Recomputes confidence for existing linksets using v2 algorithm. Does not modify observation data.

### Rollback

Set `concelier:correlation:version: v1` to revert to intersection-based scoring.

---

## Fixtures

- `docs/modules/concelier/samples/linkset-v2-transitive-bridge.json`: Three-source transitive bridging (A↔B↔C) demonstrating graph connectivity.
- `docs/modules/concelier/samples/linkset-v2-patch-match.json`: Two-source correlation via shared commit SHA.
- `docs/modules/concelier/samples/linkset-v2-hard-conflict.json`: Distinct CVEs in cluster triggering hard penalty.
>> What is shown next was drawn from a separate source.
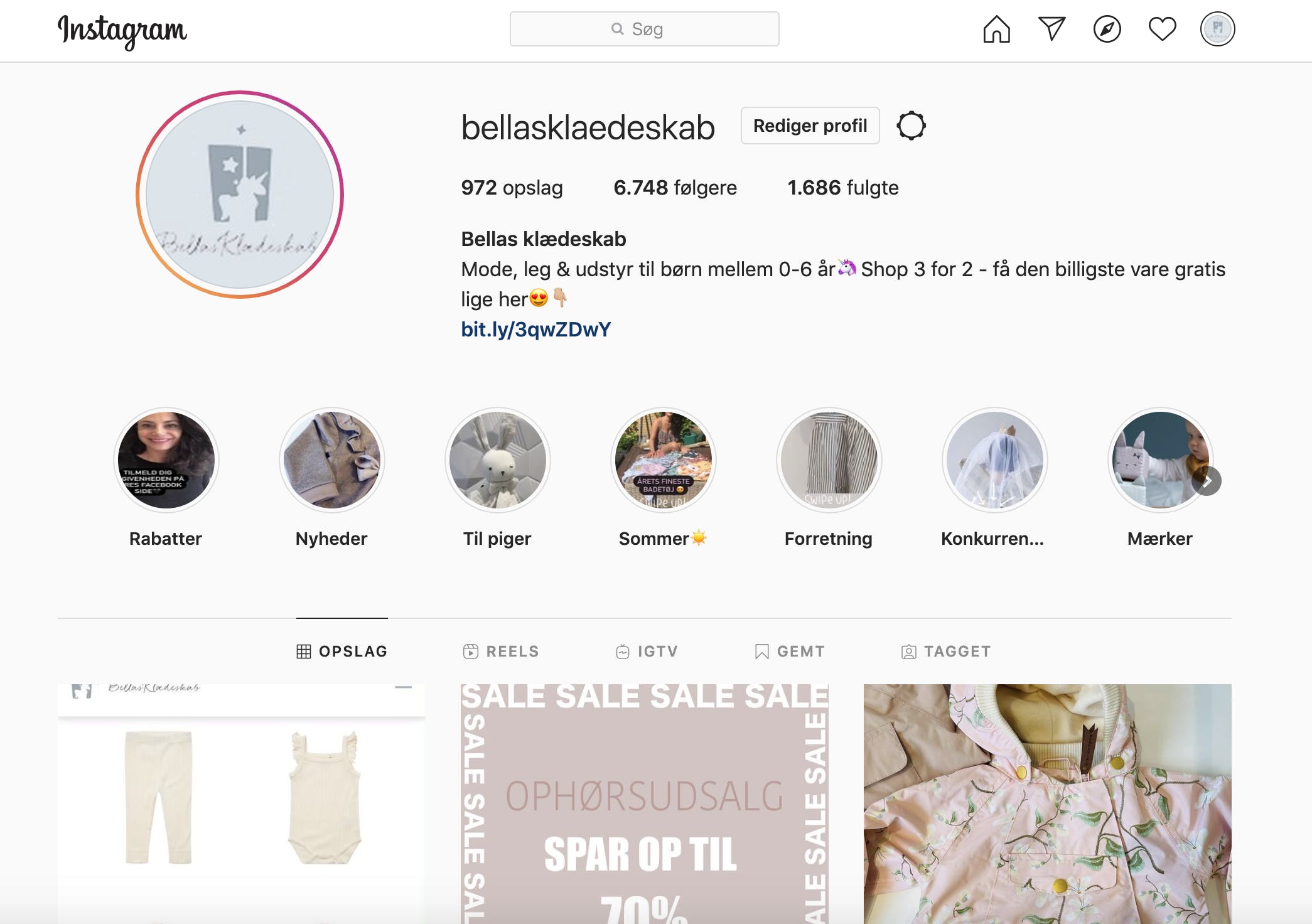 Med i købet får du en facebook og instagramside med henholdvist 7091 følgere og 6748 følgere.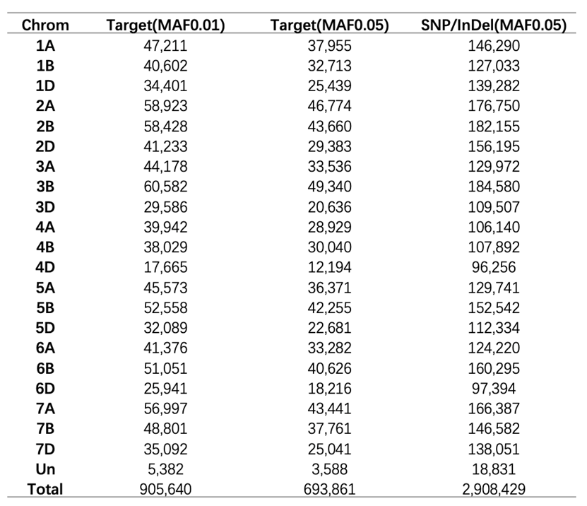 为更好的适用于国内现代品种的基因组学分析,在中国春参考基因组的基础上,使用多个现代品种基因组,如矮抗58、科农9204及Fielder进行比较基因组学及PAV分析,基于现代品种含有的易位系、渐渗系片段分析额外获得的100K SNP/InDel信息也整合入该芯片中。

All fixtures use ASCII ordering and ISO-8601 UTC timestamps.

---

## Change Control

- V2 is add-only relative to v1 output schema.
- Signal weight adjustments require sprint note but not schema version bump.
- New conflict reasons require `advisory.linkset.updated@2` event schema and doc update.
- Removal of a signal requires deprecation period and migration guidance.